Richard and Gloria Taylor set up the Damilola Taylor Trust in memory of their son. They have done incredible work engaging and motivating young people in some of London's most problematic communities.

Since setting up the Amy Winehouse Foundation on Amy's birthday, 14 September, we have met some incredible people, doing fantastic work.

We have recently met two remarkable women, Maryon Stewart and Vicky Unwin, who both lost their daughters after they took so-called party drugs and legal highs. These two women have set up the Angelus Foundation to bring awareness to the dangers of these drugs and have successfully managed to campaign to get some of these lethal substances re-classified as illegal.

We hope to help them in their campaign.

For some years, we've supported a wonderful little charity called Hopes and Dreams - this is a charity run entirely by volunteers and all of the monies they raise are used for granting dreams for terminally and chronically ill children. Many of the people involved have lost young family members of their own.

Some of the most inspiring people we have met in recent weeks have been the staff and the parents of children in the children's hospices we have been visiting and supporting. We have met the most wonderful, brave people.

The children's hospices in this country do the most amazing work supporting families and giving many of them some desperately needed respite from the 24/7 care that they need to provide for their terminally ill children. Most of these hospices receive less than 10% of their funding from the government, so without the tireless fundraising work that they do, many of these families would have no support at all.

As it is, there is still a shortfall in these services and there are thousands of families who have no access to hospice support at all. In Sussex there are 800 children in need of hospice care and only 250 children can be supported. That means 550 children and their families have no access to hospice care at all.

Many of these hospices just wouldn't survive if it were not for the volunteers and the fundraisers, many of whom have lost children of their own.

We've also visited charities that support young homeless people. Most of the young people they see have a multitude of other problems other than no home to go to. Many have no families, they may have suffered abuse or other trauma, they may have mental health problems or learning difficulties. As well as desperately trying to provide shelter, food, clothing, medical assistance, counseling, mentoring and help with learning, these organisations also have to battle with bureaucracy between various borough councils and a seemingly endless struggle with funding.

Without these charities, who knows how many vulnerable young people would die on our streets this winter?

As well as supporting young people's charities, we have also tried to encourage positive change to the way that addiction is treated in this country.

My wife Jane and I recently met with the Secretary of State, Andrew Lansley and the Under Secretary of State, Ann Milton to discuss education about the dangers of drugs and to try to improve the way in which funds for rehabilitation are allocated in this country.
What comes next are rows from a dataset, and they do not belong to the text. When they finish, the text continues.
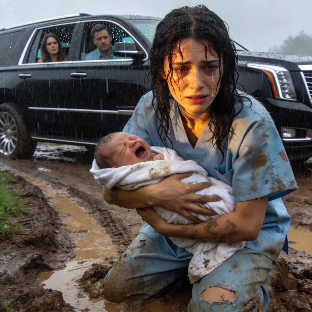 Every step was a brutal effort. The pains of childbirth throbbed as if my body were still in that cold hospital room. Blood ran down my legs, mixed with the rainwater from the storm.
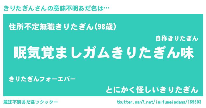| ヒーロー風カッコイイあだ名 | 『慈愛の使者きりたぎん』『仮面キリダー』 |
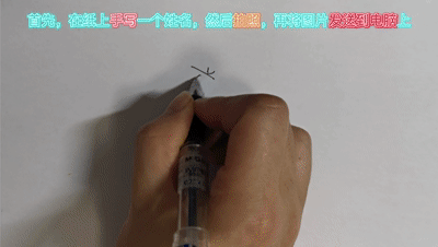 在纸上手写一个姓名,然后拍照,再将图片发送到电脑上;
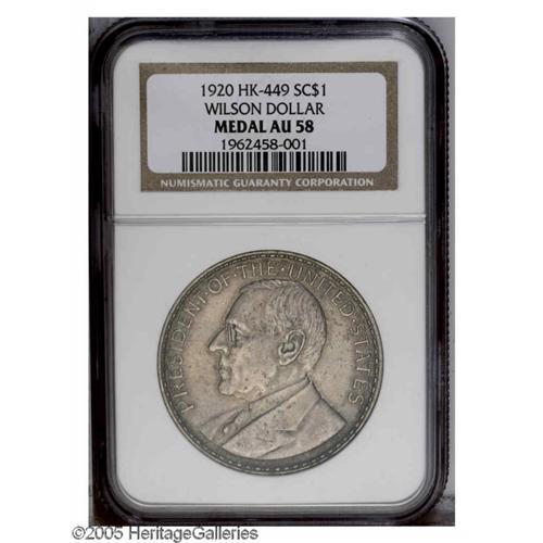 <B>1920 Wilson Dollar AU58 NGC.</B></I> HK-449. A satiny piece with deep dove-gray and olive toning. Never in circulation, but the obverse has a hint of environmental damage. This So-Called Dollar commemorated the opening of the Manila Mint in the Philippines. Wilson is depicted on the obverse despite being incapacitated from a stroke at the time.<BR><I>From The Henry R. Luhrs Collection.</B></I>
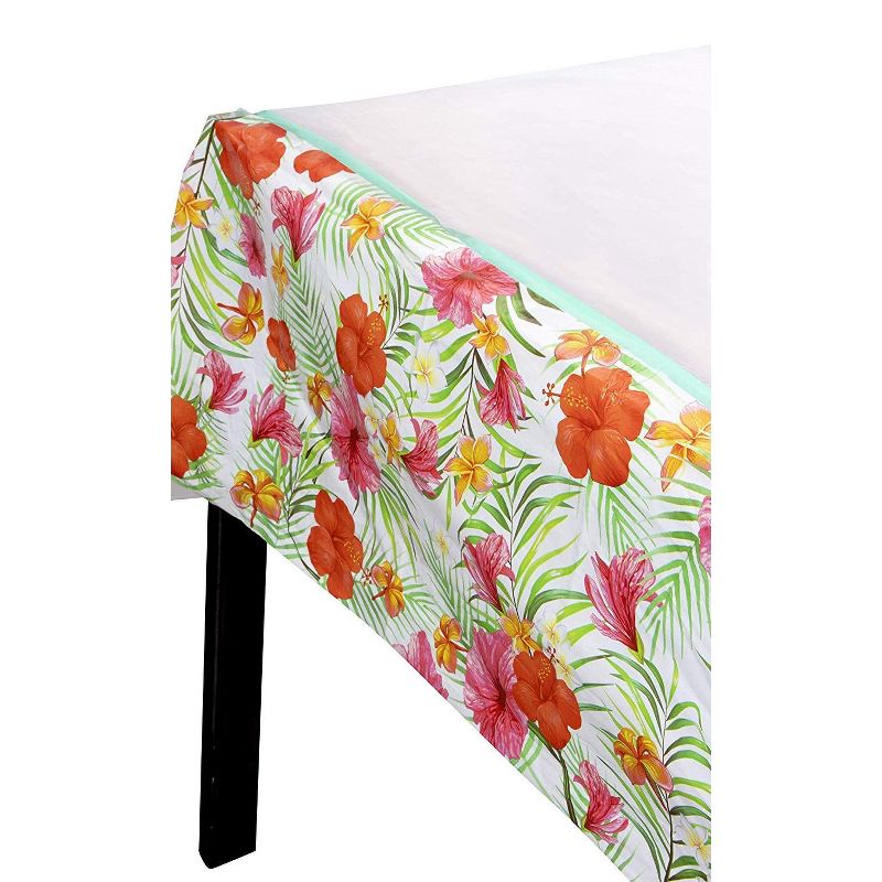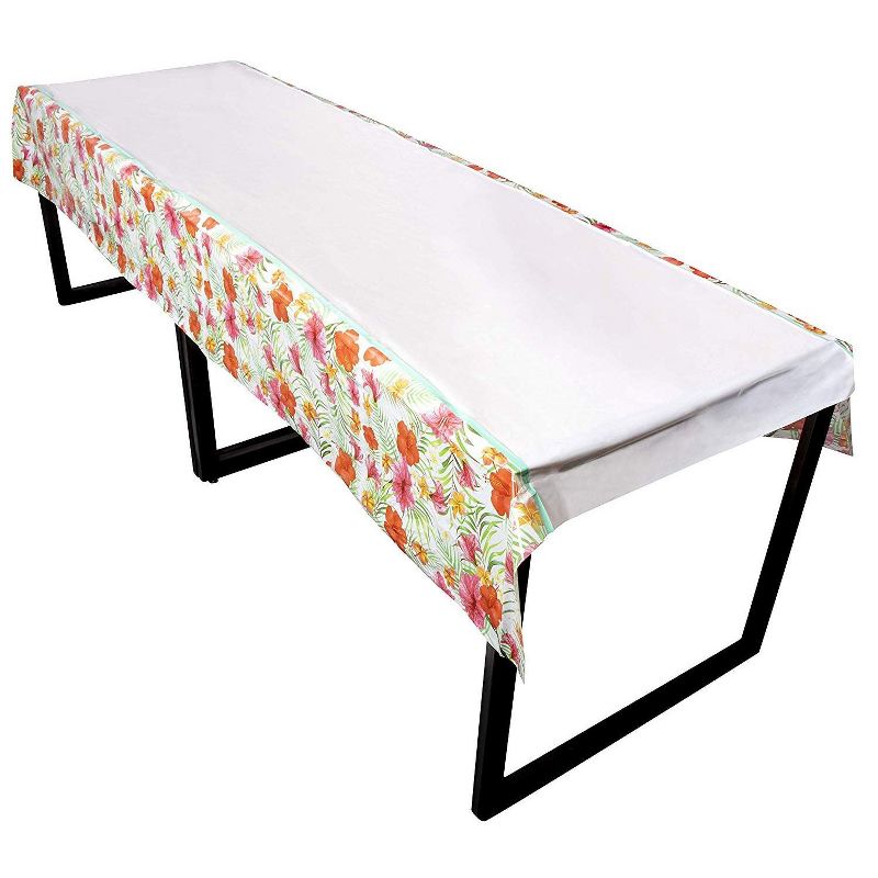 Are you planning a tropical themed party? This table cover is the ideal tablecloth for adding more colors to your event. The tropical floral pattern drape down on the side of the table. It not only adds the perfect touch to your theme party but also helps you to clean up easily! You don't need to worry about kids spilling drinks or making a mess with doing arts and crafts. You can simply toss out the table cover after use along with any disposable silverware. You can also reuse them for future parties by wiping down any spills or crumbs.
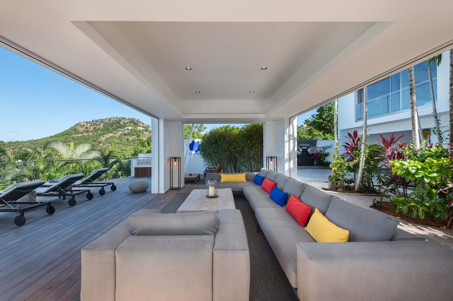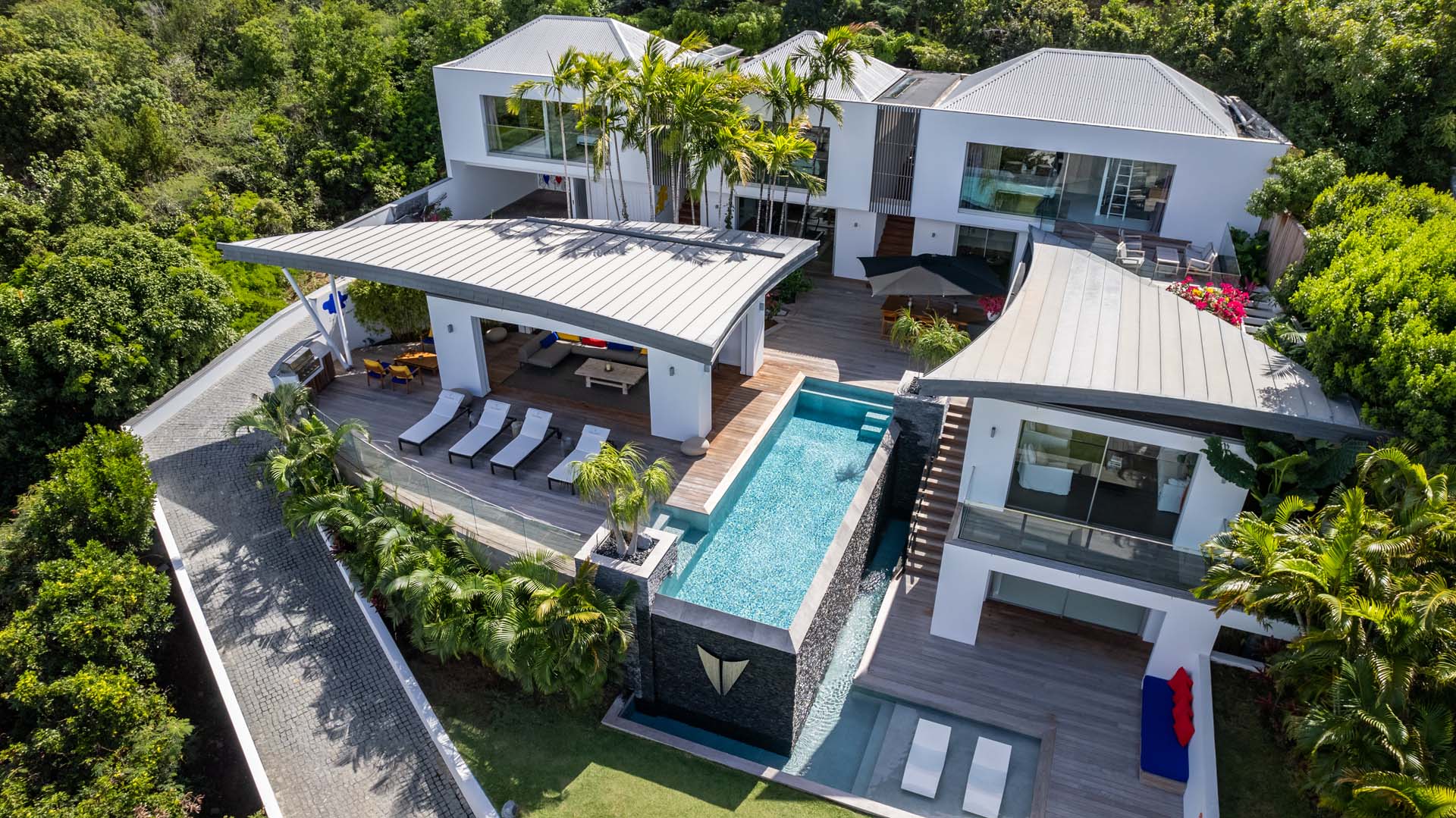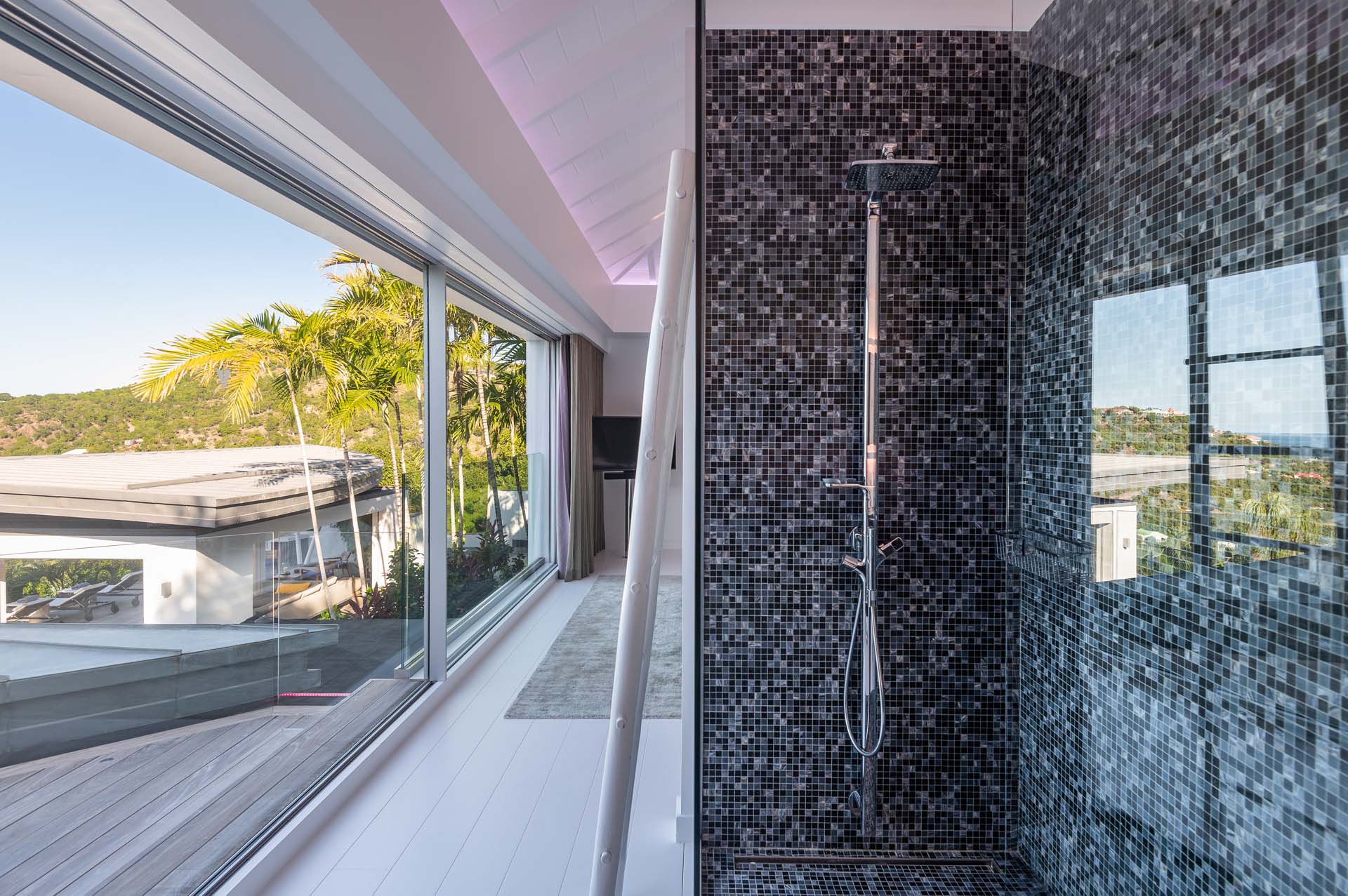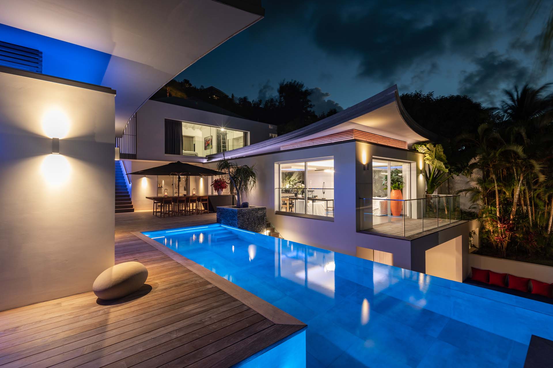 Située sur les hauteurs de Saint Jean, à deux pas de la plage et de l’Eden Rock, cette extraordinaire villa embrasse toute la baie.

The National Treatment Agency are responsible for the allocation of funding for drug treatment in the UK. Last year the government allocated approximately £400 million pounds for drug treatment. Over £200 million was spent within the criminal justice system. Only £40 million was allocated to residential rehab. This means that an offender has much more chance of getting into residential rehab than a non-offender.
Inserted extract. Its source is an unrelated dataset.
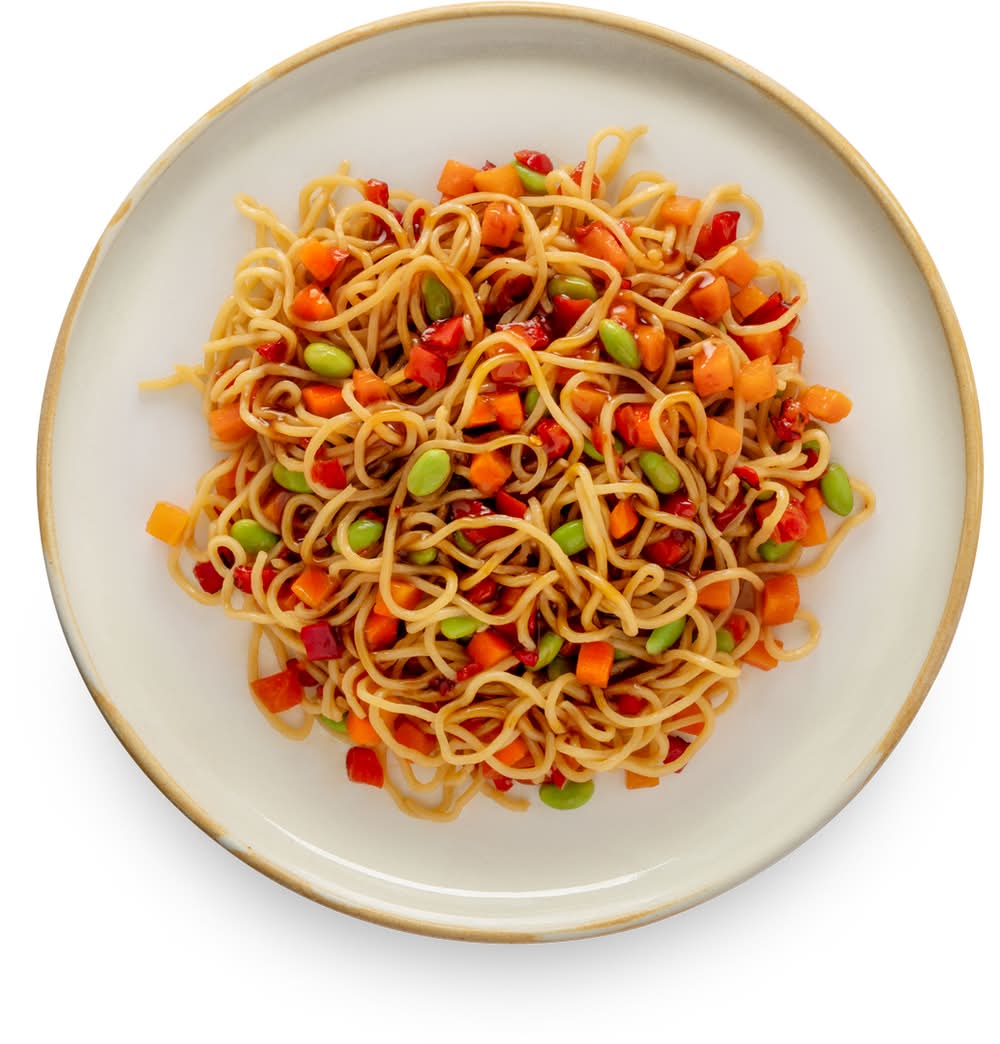 Edamame, carrots, red peppers and chow mein noodles in a rich Mongolian style sauce. Microwave Directions 1) Remove meal tray from outer packaging 2) Pierce film, microwave on high 2.5-3 minutes 3) Let stand 1 minute before removing film 4) Peel film carefully and stir, meal will be hot

This gives an offender an unfair advantage and needs to be addressed.

We have met and discussed these iniquities with the National Treatment Agency and we have agreed to try to work together to simplify and speed-up the process by which young and older addicts can access treatment.
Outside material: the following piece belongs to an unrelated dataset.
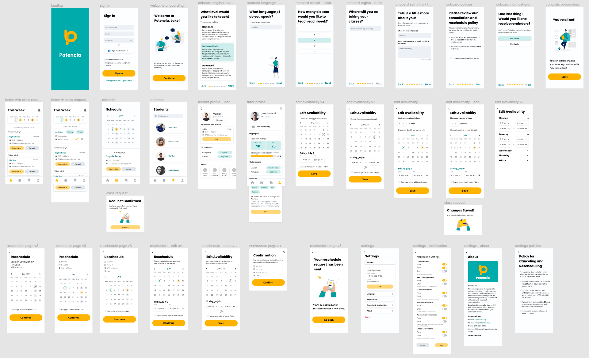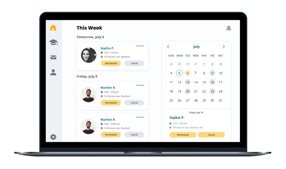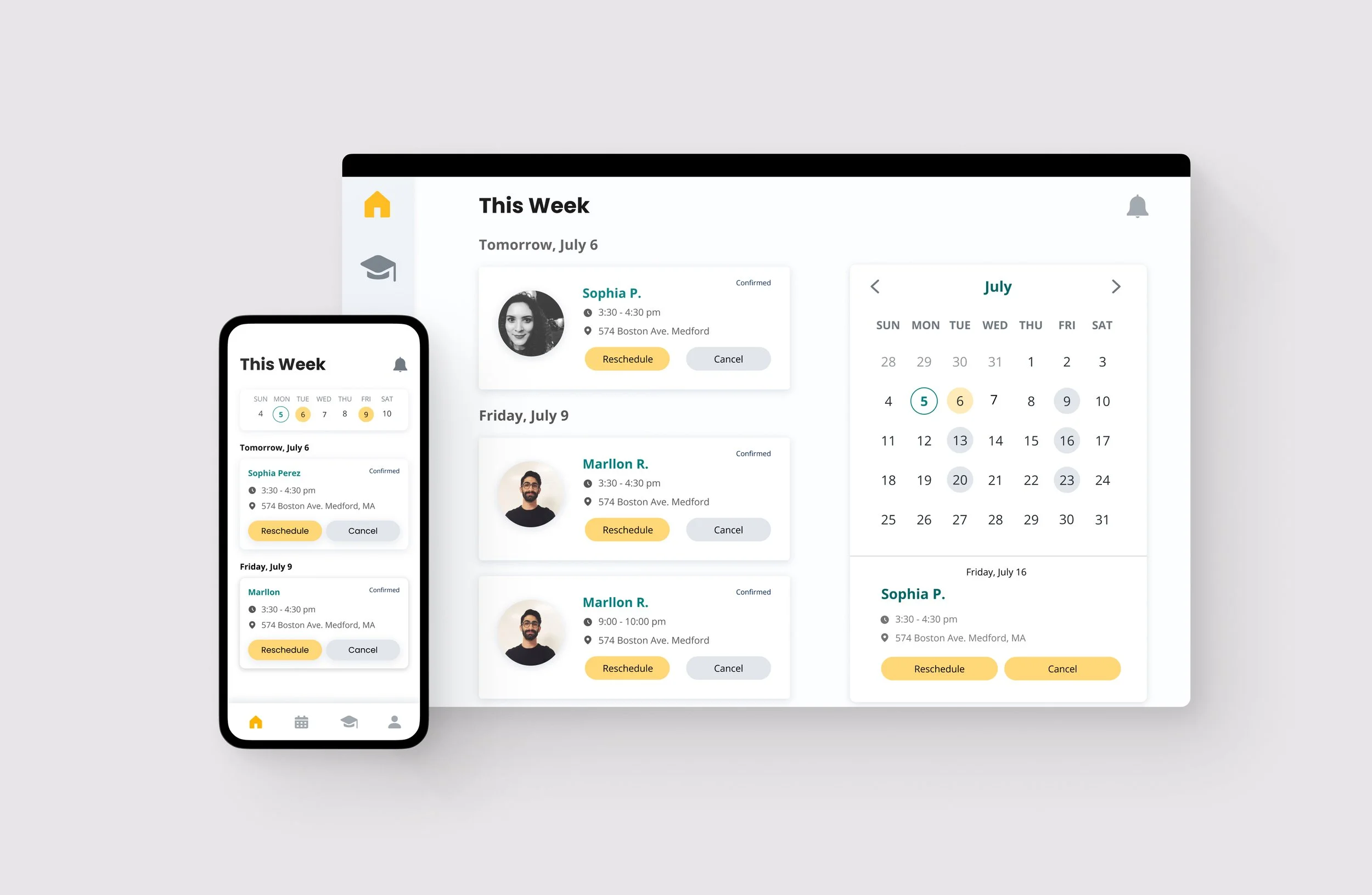 Our goal was to streamline communication between tutors and learners while supporting the future growth of the organization. To achieve this, we designed Potencia's first web app, focused on simplifying class management. The app enables tutors and learners to easily schedule, reschedule, and cancel sessions, view their schedules, and receive customizable notifications.

There are registered rehab facilities in this country who are closing their doors through lack of funding, yet we are being contacted by young people and their families who are desperate to access residential rehab treatment. Our work with the government and the NTA is on-going.

None of us can mend what has happened; the one thing I'm sure we would all want to do is bring back our loved ones; we can't do we can either wallow in our sadness or we can try to make something positive come out of something terrible.